Том 3. На японской войне. Живая жизнь - Викентий Вересаев
Шрифт:
Интервал:
Закладка:
– Дура, дура! – заговорил он. – Куда летишь? Дура! Дура! – Он приподнялся и своими толстыми пальцами стал отгонять бабочек. – Сгоришь, дурочка. Вот сюда лети, места много, – приговаривал он нежным голосом, стараясь своими толстыми пальцами учтиво поймать ее за крылышки и выпустить. – Сама себя губишь, а я тебя жалею».
Ерошка говорит, «ни в чем греха нет, хоть с зверя пример возьми». Но говорит он это специально об отношениях к женщине. А в этой области понятие греха, действительно, очень смутно, расплывчато и спорно. Общее же отношение дяди Ерошки к жизни не имеет ничего схожего с отъединенною, уверенною в себе безгрешностью зверя.
«Сидишь на зорьке в лесу, дожидаешься, – рассказывает старик. – Ружье где далече ударит, мысли придут. Подумаешь, кто это стрелил? Казак так же, как я, зверя выждал, и попал ли он его, или так только испортил, и пойдет, сердечный, по камышу кровь мазать, так, даром! Не люблю, ах! не люблю! Зачем зверя испортил? Дурак, дурак!.. А то раз, сидел на воде, смотрю, зыбка сверху плывет. То-то мысли пришли. Чья такая зыбка? Должно, думаю, ваши черти солдаты в аул пришли, чеченок побрали, ребеночка убил какой черт, взял за ножки да об угол. Разве не делают так-то? Эх, души нет в людях!»
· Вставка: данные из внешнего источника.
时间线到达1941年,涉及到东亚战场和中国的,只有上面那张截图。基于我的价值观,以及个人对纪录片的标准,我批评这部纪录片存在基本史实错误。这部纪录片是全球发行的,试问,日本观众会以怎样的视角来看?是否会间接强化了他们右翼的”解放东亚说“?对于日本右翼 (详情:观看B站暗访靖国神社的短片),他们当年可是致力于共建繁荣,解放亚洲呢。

А между тем – «не одно убийство и чеченцев, и русских было на душе дяди Ерошки». Но не с гордо-спокойным равнодушием вспоминает он об этих убийствах.
«– Это знаешь, кто поет? – сказал старик, очнувшись. – Это Лукашка джигит. Он чеченца убил, то-то и радуется. И чему радуется, дурак, дурак!
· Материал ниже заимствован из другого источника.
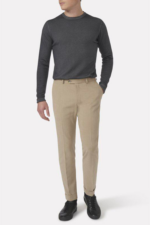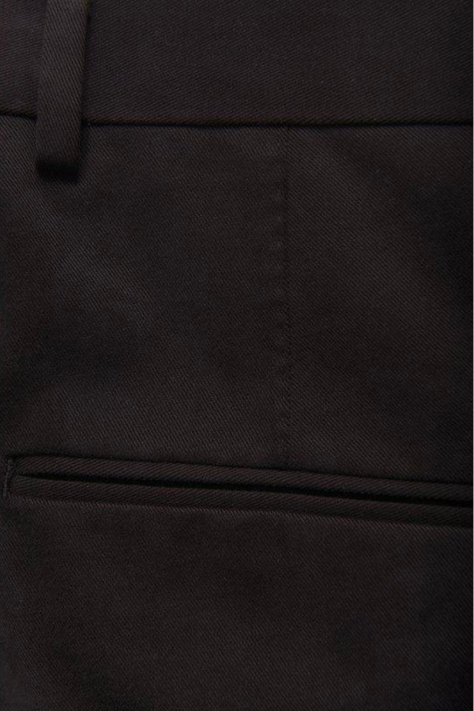 Denne formelle buksen har en tett passform som smalner nedover, bretter ved benavslutningene og en normal høy midje, som gir en klassisk og strukturert silhuett. Laget av bomullstwill, kombinerer stoffet en skarp utseende med en avslappet følelse, noe som gjør passformen både stilfull og behagelig.

– А ты убивал людей? – спросил Оленин.
Старик вдруг поднялся на оба локтя и близко придвинул свое лицо к лицу Оленина.
– Черт! – закричал он на него. – Что спрашиваешь? Говорить не надо. Душу загубить мудрено, ох мудрено!»
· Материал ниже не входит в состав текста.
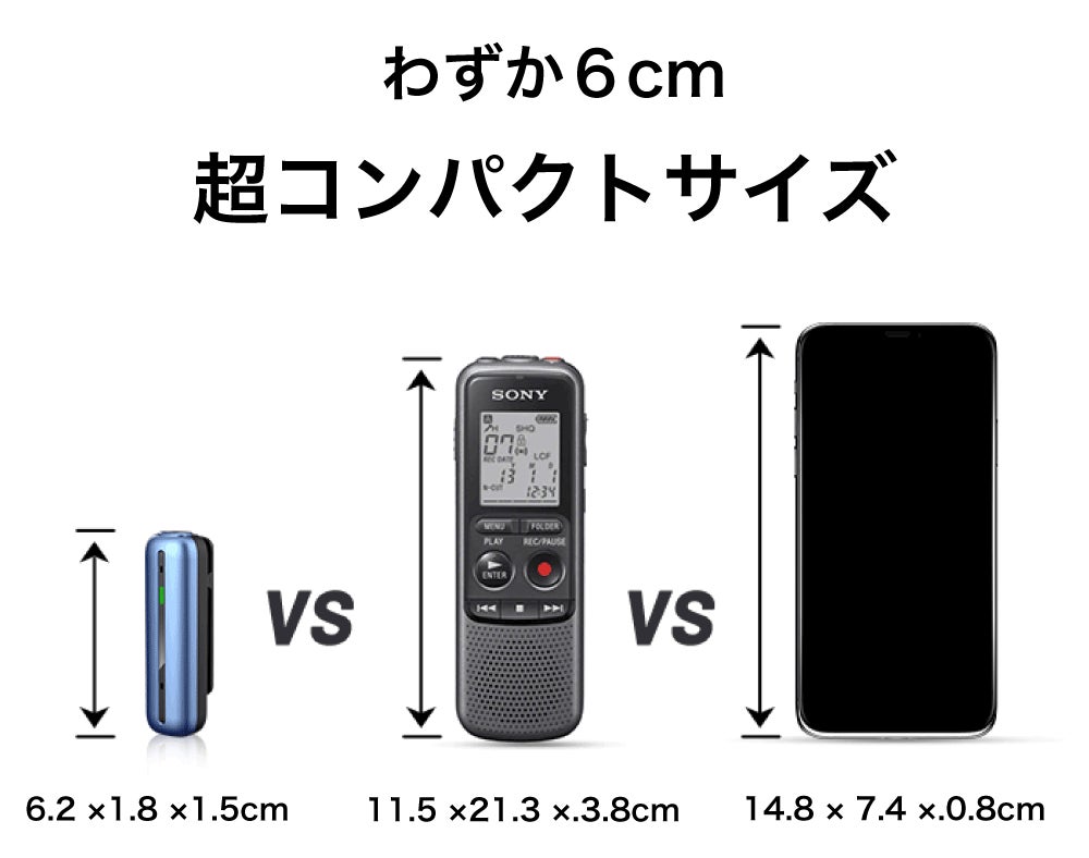 幅6cm、薄さ約2cmのポケットにも入る超コンパクトサイズを実現。

И поспешно обрывает разговор.
Зверь не таков. При виде крови глаза его загораются зеленоватым огнем, он радостно разрывает прекрасное тело своей жертвы, превращает его в кровавое мясо и, грозно мурлыча, пачкает морду кровью. Мы знаем художников, в душе которых живет этот стихийно-жестокий зверь, радующийся на кровь и смерть. Характернейший среди таких художников – Редиард Киплинг. Но бесконечно чужд им Лев Толстой.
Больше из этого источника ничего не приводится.